Thomas's six citations suggest Bray's arguments on agency authority or SEC enforcement powers directly influenced the Court's reasoning.
The Broader Context
The SEC has faced sustained criticism from market participants and libertarian-leaning legal scholars over its use of administrative courts — in-house tribunals where the agency acts as prosecutor, judge, and jury. Congress and the courts have been slowly dismantling that apparatus.

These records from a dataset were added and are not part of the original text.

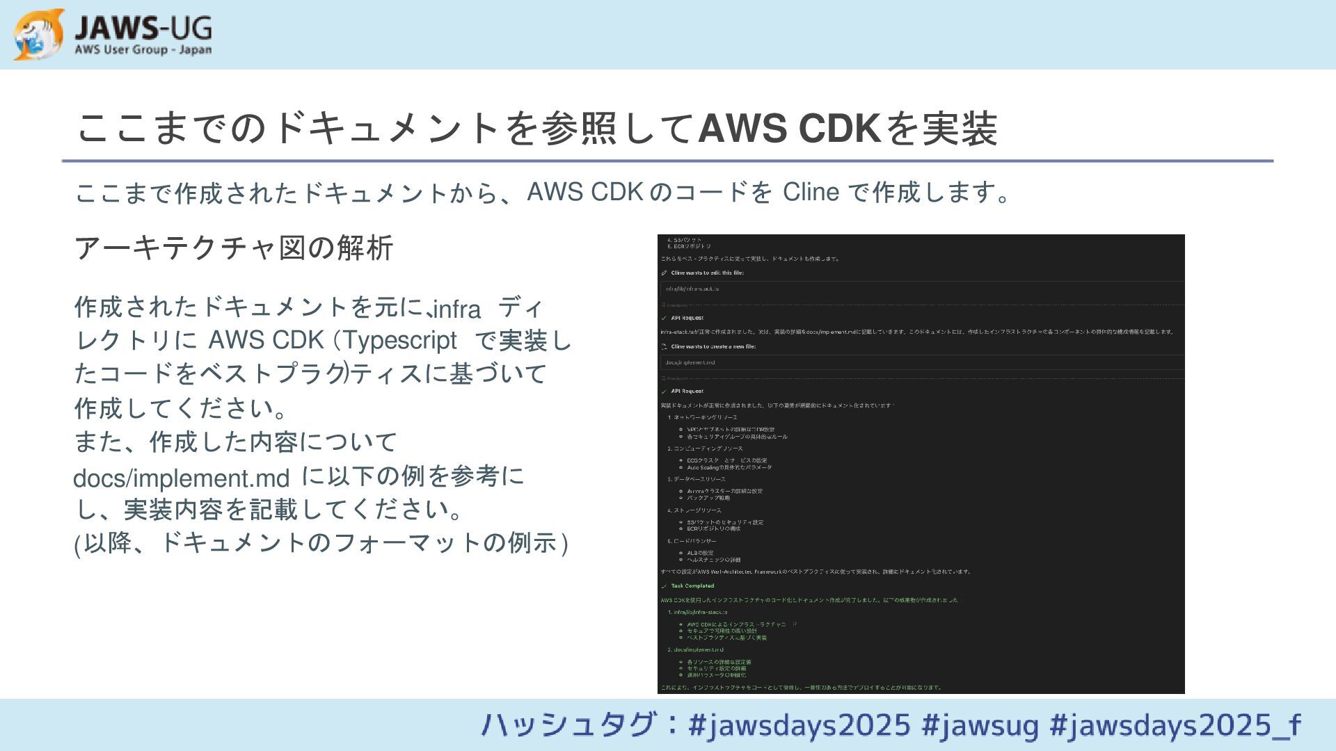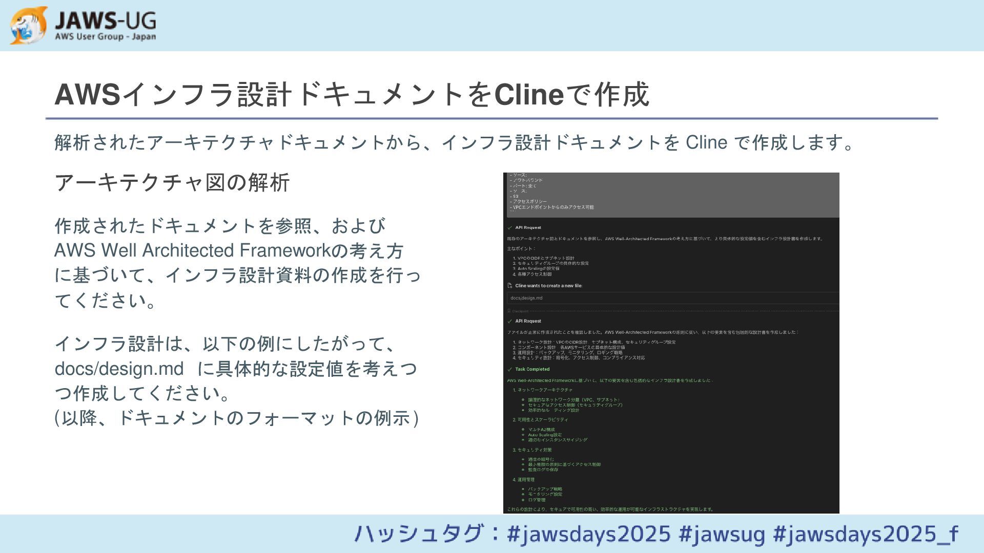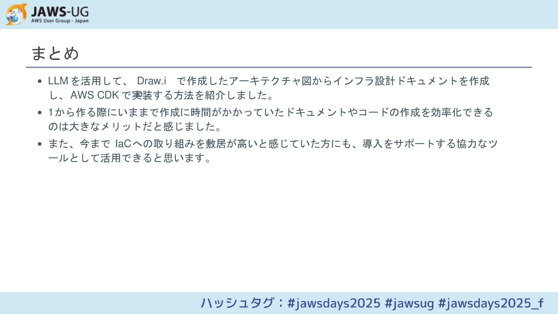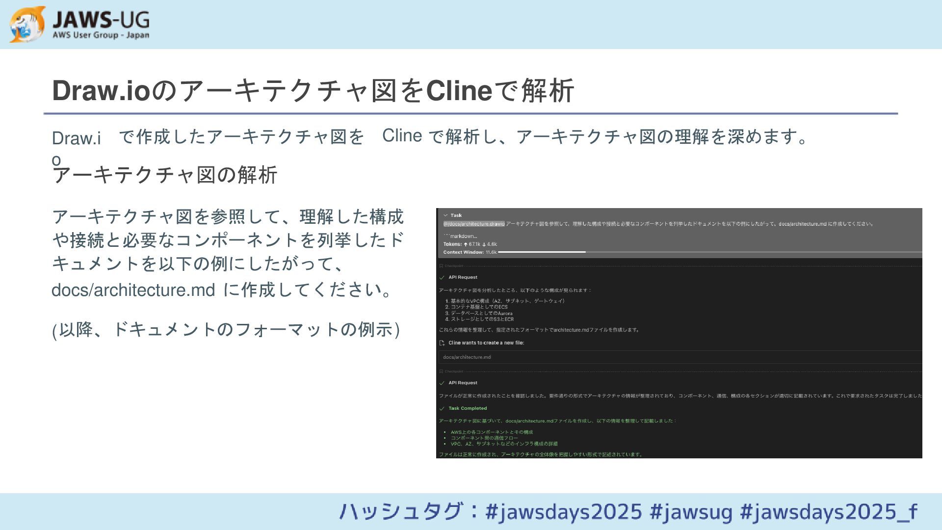 Draw.ioで作成したAWSアーキテクチャ図を基に、LLM(Cline)を活用してインフラ設計ドキュメントを作成し、AWS CDKで実装する方法を紹介します。アーキテクチャ図の解析から実装までの一連のプロセスを効率化するアプローチを解説します。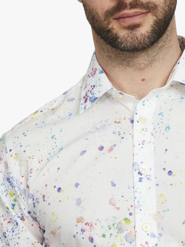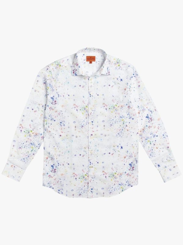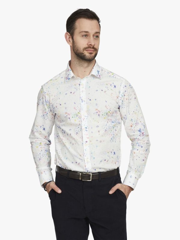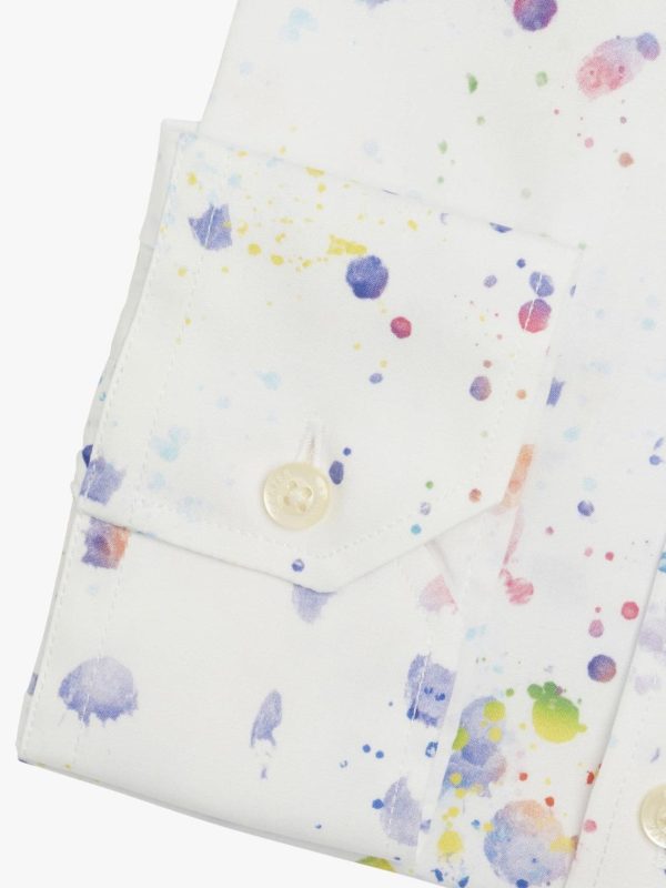 Remember flicking paint when you were a child? Well, so do we. Here’s a nostalgia trip to messing about with your watercolour paint box aged five and a half. There’s more to this than meets the eye; creating a deliberate sense of randomness is harder than you think. We spent a long time on the size and spacing of the splats, ensuring that the primary tones of blue were counterbalanced by secondary tones of lime green and yellow. The end result is a shirt that’s both fun and wearable. Made with removeable collar stiffeners, and gently tailored.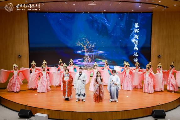 为丰富和活跃大赛氛围,西电师生还采用“视频+现场”的创新形式诵读《24节气》节选诗词;大学生艺术团表演舞蹈《诗韵舞蹁跹》,为大赛烘托出诗韵悠扬的氛围;特别邀请到的陕西人民广播电台全国演播艺术家海茵老师,为现场观众带来一场入情入境、余味悠长的《春江花月夜》朗诵表演。

A Thomas opinion in an SEC case citing a libertarian-aligned legal blog aligns with this trajectory. The Supreme Court's conservative majority has chipped away at Chevron deference, agency rulemaking authority, and in-house adjudication.
Impact
If Thomas's opinion limits SEC enforcement powers or narrows administrative court proceedings, the consequences ripple across every investor, startup, and publicly traded company. The SEC's enforcement apparatus has a history of targeting technical paperwork mistakes and regulatory violations people did not know existed.
Pushing the SEC toward traditional courts with standard due process protections affects anyone subject to federal agency action.